Massive Attack singles chronology
| "Risingson" (1997) | "Teardrop" (1998) | "Angel" (1998) |

Music video
- "Teardrop" on YouTube

= Teardrop (song) =

1998 single by Massive Attack

"Teardrop" (also formatted as "Tear Drop") is a song by English trip hop group Massive Attack. Vocals are performed by Scottish singer Elizabeth Fraser, former lead singer of Cocteau Twins, who also wrote the lyrics. It was released on 27 April 1998 by Circa and Virgin as the second single from the group's third studio album, Mezzanine (1998). A harpsichord-driven track, "Teardrop" was originally set to feature vocals from Madonna, whom Massive Attack turned down in favour of Fraser.
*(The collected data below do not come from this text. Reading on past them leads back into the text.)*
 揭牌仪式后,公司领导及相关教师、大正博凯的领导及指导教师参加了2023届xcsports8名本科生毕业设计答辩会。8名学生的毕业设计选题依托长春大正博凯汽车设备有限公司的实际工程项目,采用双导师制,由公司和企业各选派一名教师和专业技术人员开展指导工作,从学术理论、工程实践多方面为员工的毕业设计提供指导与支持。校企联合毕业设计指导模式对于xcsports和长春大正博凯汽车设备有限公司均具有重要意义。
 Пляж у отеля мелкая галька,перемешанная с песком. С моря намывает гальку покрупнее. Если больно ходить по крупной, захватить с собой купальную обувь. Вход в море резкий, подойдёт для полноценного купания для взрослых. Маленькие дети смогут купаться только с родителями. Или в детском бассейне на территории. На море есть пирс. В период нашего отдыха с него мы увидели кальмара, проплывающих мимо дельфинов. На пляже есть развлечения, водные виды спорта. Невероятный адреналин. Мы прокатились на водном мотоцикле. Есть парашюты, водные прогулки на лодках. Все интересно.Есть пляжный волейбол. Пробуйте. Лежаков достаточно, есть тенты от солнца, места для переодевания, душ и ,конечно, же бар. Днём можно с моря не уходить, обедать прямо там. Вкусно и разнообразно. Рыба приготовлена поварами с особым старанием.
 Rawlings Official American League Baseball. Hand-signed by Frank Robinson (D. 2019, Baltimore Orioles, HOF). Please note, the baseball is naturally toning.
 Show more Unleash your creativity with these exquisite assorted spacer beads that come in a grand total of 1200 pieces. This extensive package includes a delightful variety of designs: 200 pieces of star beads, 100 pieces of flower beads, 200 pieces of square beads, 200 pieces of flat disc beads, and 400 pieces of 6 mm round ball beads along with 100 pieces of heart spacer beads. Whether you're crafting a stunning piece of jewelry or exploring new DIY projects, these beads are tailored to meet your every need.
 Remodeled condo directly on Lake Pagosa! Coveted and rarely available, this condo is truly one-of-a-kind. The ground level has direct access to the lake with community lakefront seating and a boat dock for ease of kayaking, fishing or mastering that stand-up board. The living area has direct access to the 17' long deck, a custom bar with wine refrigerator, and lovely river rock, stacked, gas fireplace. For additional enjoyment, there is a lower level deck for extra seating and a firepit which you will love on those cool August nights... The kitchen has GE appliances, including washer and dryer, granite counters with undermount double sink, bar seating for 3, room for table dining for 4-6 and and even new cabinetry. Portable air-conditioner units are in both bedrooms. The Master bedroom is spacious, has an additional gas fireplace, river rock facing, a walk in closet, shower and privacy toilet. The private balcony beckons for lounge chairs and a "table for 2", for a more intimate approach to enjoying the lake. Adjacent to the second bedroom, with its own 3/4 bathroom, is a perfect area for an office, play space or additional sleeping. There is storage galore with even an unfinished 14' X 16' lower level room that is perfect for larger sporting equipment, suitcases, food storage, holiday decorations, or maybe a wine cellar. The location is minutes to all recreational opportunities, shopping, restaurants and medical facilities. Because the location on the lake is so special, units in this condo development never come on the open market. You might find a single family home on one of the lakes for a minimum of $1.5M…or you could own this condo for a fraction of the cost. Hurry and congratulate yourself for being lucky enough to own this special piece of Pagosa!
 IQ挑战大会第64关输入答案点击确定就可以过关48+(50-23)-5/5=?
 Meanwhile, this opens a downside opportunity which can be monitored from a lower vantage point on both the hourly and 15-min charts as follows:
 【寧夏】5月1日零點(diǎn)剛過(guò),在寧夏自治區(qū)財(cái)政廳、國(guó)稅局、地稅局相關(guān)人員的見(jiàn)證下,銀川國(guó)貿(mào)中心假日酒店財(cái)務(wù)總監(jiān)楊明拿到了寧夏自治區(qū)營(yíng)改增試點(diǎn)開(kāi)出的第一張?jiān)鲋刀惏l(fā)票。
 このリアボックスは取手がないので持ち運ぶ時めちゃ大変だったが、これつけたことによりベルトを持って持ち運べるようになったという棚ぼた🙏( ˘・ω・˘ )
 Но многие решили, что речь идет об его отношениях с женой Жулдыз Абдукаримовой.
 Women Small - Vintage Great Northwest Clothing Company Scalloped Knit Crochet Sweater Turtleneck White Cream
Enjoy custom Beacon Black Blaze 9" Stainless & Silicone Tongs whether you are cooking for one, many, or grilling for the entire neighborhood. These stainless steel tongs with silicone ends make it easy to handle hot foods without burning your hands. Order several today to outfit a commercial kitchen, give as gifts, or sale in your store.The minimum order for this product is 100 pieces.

In the United Kingdom, "Teardrop" peaked at number 10 on the UK Singles Chart, becoming the group's highest-charting single and only top-10 hit in their native country. It reached number one in Iceland and became a top-20 hit in Australia, Denmark, Ireland and New Zealand. The music video, directed by Walter Stern, features a foetus singing in the womb, and the song has been featured in various television programmes, including as the opening theme for the US television programme House and the Australian show The Lost Flowers of Alice Hart.

==Development==
According to an article on American Songwriter, "Teardrop" was first developed from a simple harpsichord riff performed by Neil Davidge in the studio in April 1997 with Andrew Vowles listening in. Davidge and Vowles fleshed out the composition and used a sped-up sample from Les McCann’s “Sometimes I Cry” for the beat. Vowles originally sent the demo to Madonna as he wanted her to record the vocals (the band had previously worked with her on their 1995 reworking of the song "I Want You"). However, the two other band members Robert Del Naja and Grantley Marshall wanted Elizabeth Fraser of the Cocteau Twins to record the vocals, feeling her ethereal style suited the mournful melody and feel of the piece. Madonna was very keen to record the vocals, and she was disappointed when the two-to-one vote went in Fraser's favour. In 2023, Andrew Unterberger of Billboard wrote, "How ['Teardrop'] might've sounded with Madonna instead of Liz Fraser on vocals remains one of '90s pop's great what-ifs."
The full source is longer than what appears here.